First I load in a PDF of an order receipt and convert it to markdown:
md_text = pymupdf4llm.to_markdown("example_receipt.pdf")
Then I define the Pydantic models for a receipt:
class Item(BaseModel):
product: str
price: float
quantity: int
class Receipt(BaseModel):
total: float
shipping: float
payment_method: str
items: list[Item]
order_number: int
In this example, I'm using a nested Pydantic model Item
for each item in the receipt, so that I can get detailed information about each item.
And then, as before, I send the text off to the GPT model and convert the response back to a Receipt
instance:
completion = client.beta.chat.completions.parse(
model=os.getenv("AZURE_OPENAI_GPT_DEPLOYMENT"),
messages=[
{"role": "system", "content": "Extract the information from the blog post"},
{"role": "user", "content": md_text},
],
response_format=Receipt,
)
output = completion.choices[0].message.parsed
receipt = Receipt.model_validate(output)
You can see the full code in extract_pdf_receipt.py
Extracting from images
Since the gpt-4o model is also a multimodal model, it can accept both images and text. That means that we can send it an image and ask it for a structured output that extracts details from that image. Pretty darn cool!
First I load in a local image as a base-64 encoded data URI:
def open_image_as_base64(filename):
with open(filename, "rb") as image_file:
image_data = image_file.read()
image_base64 = base64.b64encode(image_data).decode("utf-8")
return f"data:image/png;base64,{image_base64}"
image_url = open_image_as_base64("example_graph_treecover.png")

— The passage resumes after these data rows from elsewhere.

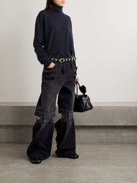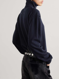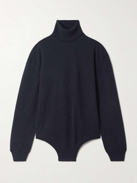 Maison Margiela’s bodysuit creates the illusion of a perfectly tucked in turtleneck sweater. It’s made from soft wool and cashmere-blend and has raised seams and a relaxed fit. Large to size. See Size & Fit notes. Size & Fit - Fits large to size, take one size smaller than normal - Designed for a relaxed fit - Minimal brief coverage - Mid-weight, non-stretchy fabric - Model is 180cm/ 5’11” and is wearing a size XSmall Model measurements: - Bust: 79cm/ 31” - Waist: 61cm/ 24” - Hip: 89cm/ 35” Details & Care - Midnight-blue wool and cashmere-blend - Snap fastenings at base - 70% wool, 30% cashmere - Dry clean
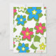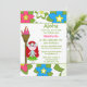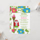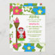 Cette invitation pour la fête d'anniversaire de 5x7 a un design tropical luau hula girl. Le arrière - plan est rempli de fleurs roses, bleues et blanches. Il y a une coiffeuse rouge debout à côté d'une torche tiki. Vous pouvez facilement customiser les informations de votre parti à droite.
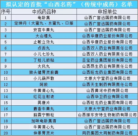 入選的20種中成藥分別為:山西廣譽(yù)遠(yuǎn)國藥有限公司的龜齡集、加味龜齡集酒、定坤丹、安宮牛黃丸、牛黃清心丸;山西華康藥業(yè)股份有限公司的大山楂丸、止嗽立效丸;山西雙人藥業(yè)有限責(zé)任公司的點(diǎn)舌丸、小兒七珍丸;亞寶藥業(yè)集團(tuán)股份有限公司的丁桂兒臍貼;山西昂生藥業(yè)有限責(zé)任公司的大風(fēng)丸;山西旺龍藥業(yè)集團(tuán)有限公司的猴頭健胃靈膠囊、男康片;太原大寧堂藥業(yè)有限公司的小兒葫蘆散、麝香牛黃丸;山西天生制藥有限責(zé)任公司的阿膠;山西黃河中藥有限公司的牛黃清心丸;山西華衛(wèi)藥業(yè)有限公司的紅花注射液;山西振東安特生物制藥有限公司的腦震寧顆粒;同藥集團(tuán)大同制藥有限公司的仲景胃靈片。
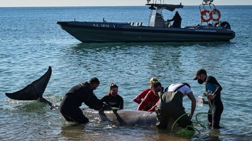 El viernes, expertos en fauna y flora y socorristas se movilizaron después de que llegara a aguas poco profundas de una popular playa del barrio ateniense de Palio Faliro.
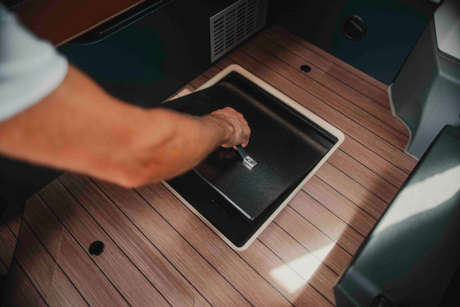 De 6 mm stalen deur is voorzien van een verzonken handgreep, waardoor de vloerplaat van de camper vlak blijft sluiten. Een rubberen inlegmat voorkomt krassen op je spullen en gaat rammelen tijdens het rijden tegen.
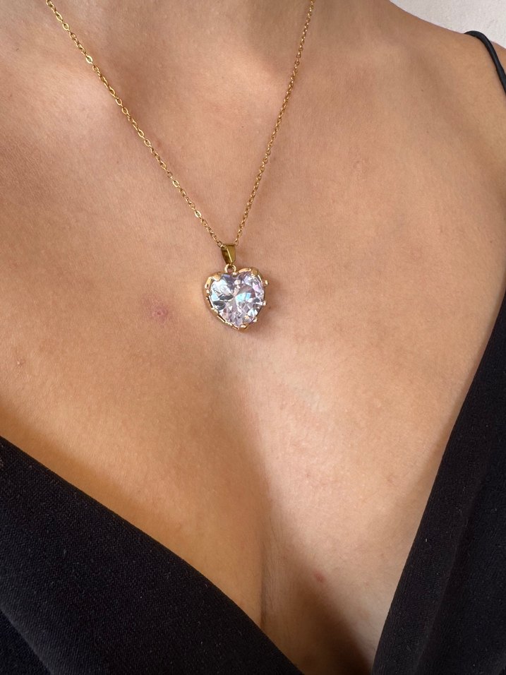 Altın renkli, kalp şeklinde taşlı kolye, modern klasik tarzda ve midi uzunlukta, romantik anlar için uygun. Çelik üründür. Kararma yapmaz.
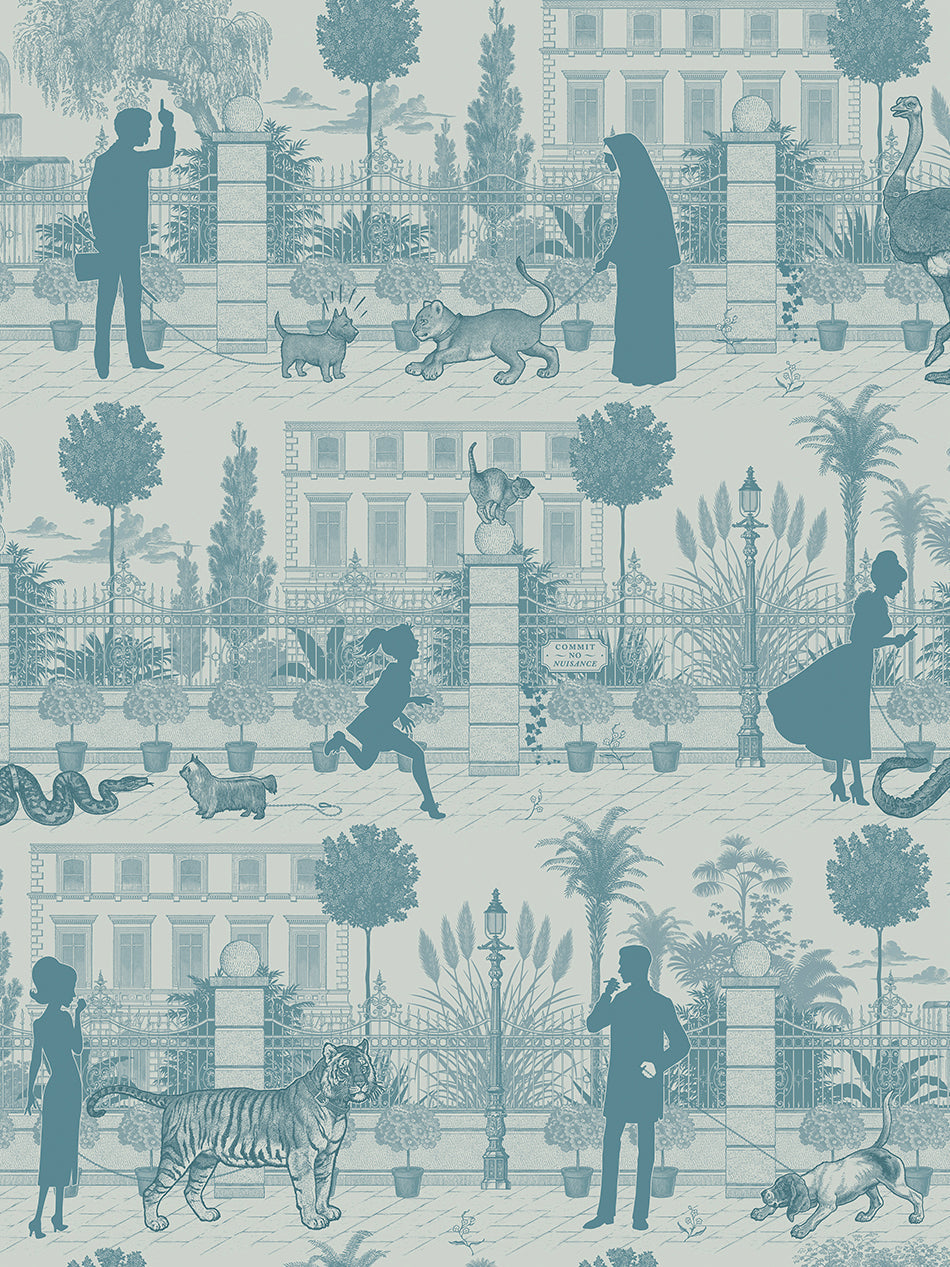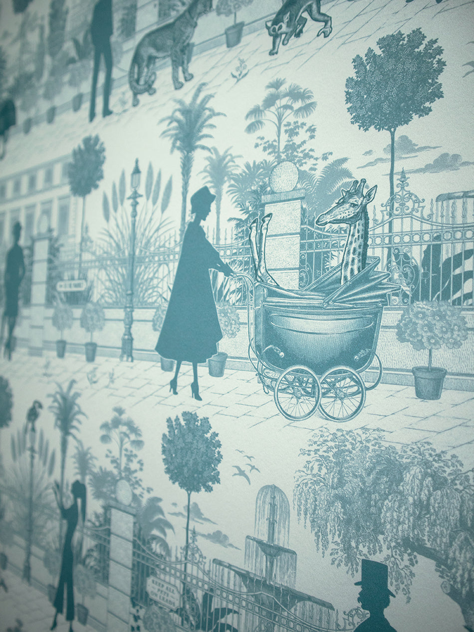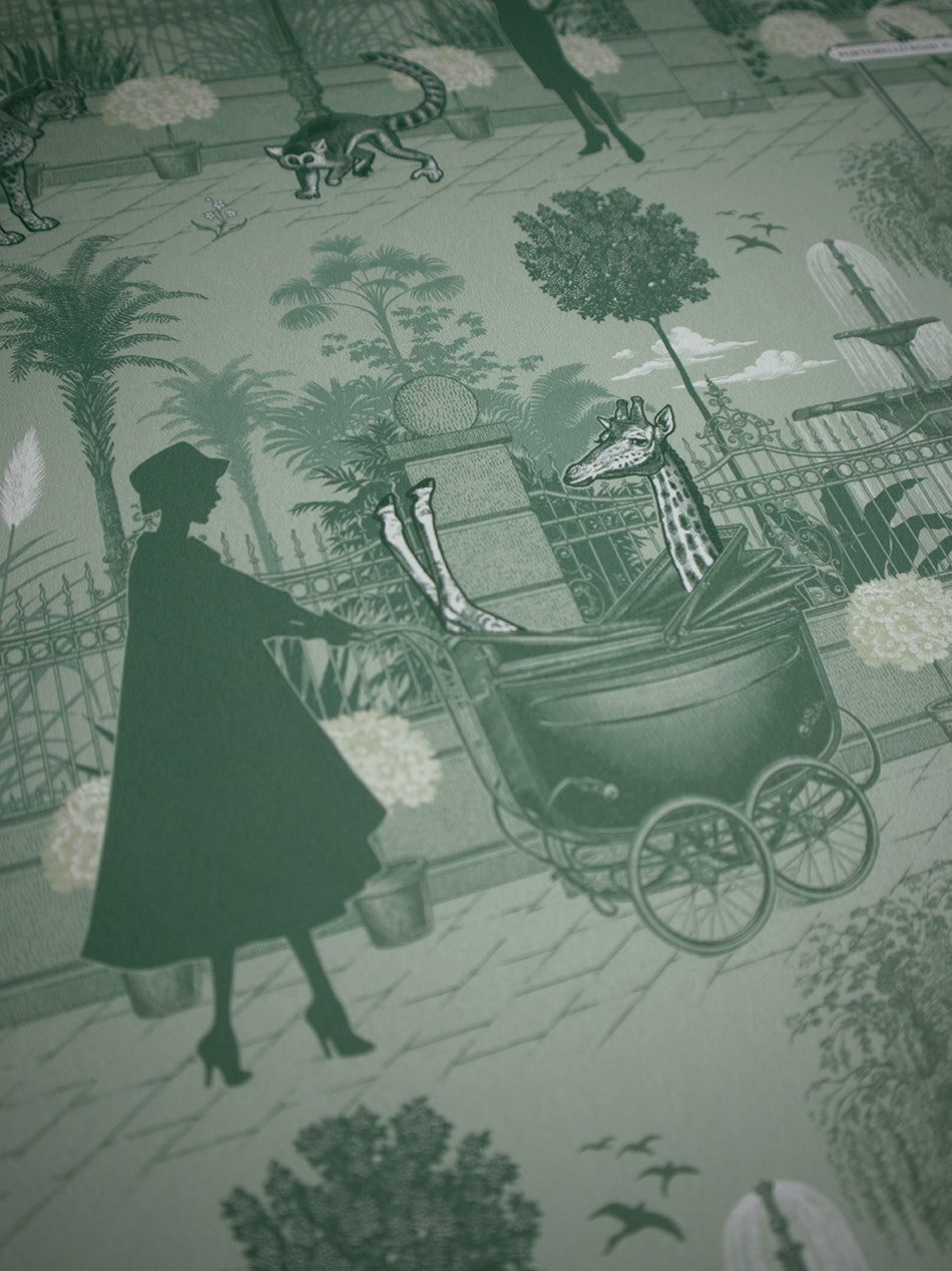 Inspired by London’s most unusual pets, this detail-rich wallpaper revisits a bonkers, bygone era where you could encounter an array of exotic animals not just at the zoo, but on the streets!

For this example, my image is a graph, so I'm going to have it extract details about the graph. Here are the Pydantic models:
class Graph(BaseModel):
title: str
description: str = Field(..., description="1 sentence description of the graph")
x_axis: str
y_axis: str
legend: list[str]
Then I send off the base-64 image URI to the GPT model, inside a "image_url" type message, and convert the response back to a Graph
object:
completion = client.beta.chat.completions.parse(
model=os.getenv("AZURE_OPENAI_GPT_DEPLOYMENT"),
messages=[
{"role": "system", "content": "Extract the information from the graph"},
{
"role": "user",
"content": [
{"image_url": {"url": image_url}, "type": "image_url"},
],
},
],
response_format=Graph,
)
output = completion.choices[0].message.parsed
graph = Graph.model_validate(output)
More examples
You can use this same general approach for entity extraction across many file types, as long as they can be represented in either a text or image form. See more examples in my azure-openai-entity-extraction repository. As always, remember that large language models are probabilistic next-word-predictors that won't always get things right, so definitely evaluate the accuracy of the outputs before you use this approach for a business-critical task.